Village loosens its short-term rental rules

Marie Havenga • Apr 3, 2019 at 7:00 AM

Unlike neighboring communities who recently have been tightening the screws on short-term rental uses, the Village of Spring Lake is loosening its regulations.

In the past, short-term rentals were not allowed in the village. At all. In any zoning district.

Village officials were aware that some people were renting homes on a short-term basis, but the village chose not to police these violations unless there were complaints.

“It was not listed as a permitted use, so it had been prohibited that way,” explained village planner Jennifer Howland.

After a series of meetings with landlords and residents, the Village Council voted late last month to allow short-term rentals in residential districts. The vote was unanimous.

“In certain zoning districts, if you want a short-term rental, you have to apply for a special-use permit with the (village’s) Planning Commission,” Howland said. “... Most of the areas where there's a residential use, it's allowable.”

Which means short-term rentals are allowed in almost every area of the village, except in the eastern entryway district and office districts. The application fee is $425.

Howland said both the Planning Commission and the Village Council expressed interest in changing the village’s short-term rental rules.

“There was a group of well-spoken residents in the community that were supportive of it and we didn't really have any negative comments in the process,” she said. “It went very smoothly. The group of people most involved in the process were well organized and they came to the meetings together and had one or more spokespeople.”

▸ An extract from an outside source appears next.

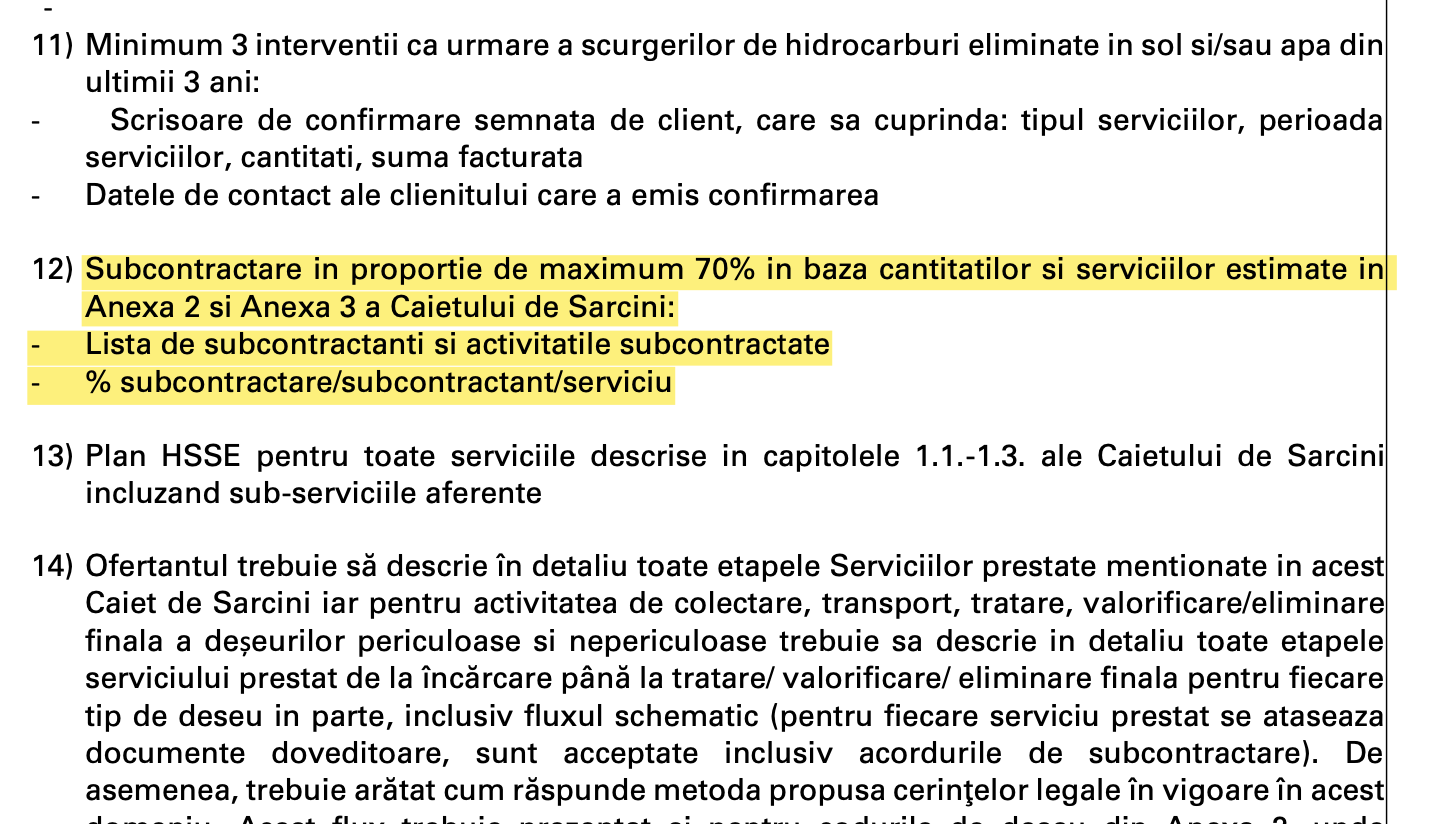 In the qualification criteria, a flat company like Uni Recycling is allowed to cover itself with the similar experience of subcontractors, which is unprecedented, as this has never been allowed before in the big tenders organized by OMV Petrom.

According to village statute, a rental for less than 28 days in any calendar year is considered a short-term rental. The new ordinance has no minimum stay requirement, meaning someone could rent a home for just one night.

Howland, who is also the planner for the City of Grand Haven, said it appeared to be a more difficult process for Grand Haven, which recently restricted rights of property owners when it comes to short-term rentals.

“With the village, it didn't get much opposition, if any,” she said. “As long as it reflects the wishes of the community, then I'm happy.”

Having short-term rentals available could bring more visitors to the community.

“Of course, it's a great community,” Howland said of the village. “It's a very walkable area. I'm sure people would want to visit here. There are several property owners in town who are interested in renting out their homes to visitors. It's nice to have visitors. It could increase the vibrancy of the community in the summer months.”

Village President Mark Powers said overhauling short-term rental rules has been a long process.

“This is the one we've done to death,” he said. “It's gone through all the hoops and backflips we'd expect from the show. Everyone feels like they had some input. We will not be overly restrictive, nor are we going to turn into some sort of Fort Lauderdale in the spring. The process worked out quite well.”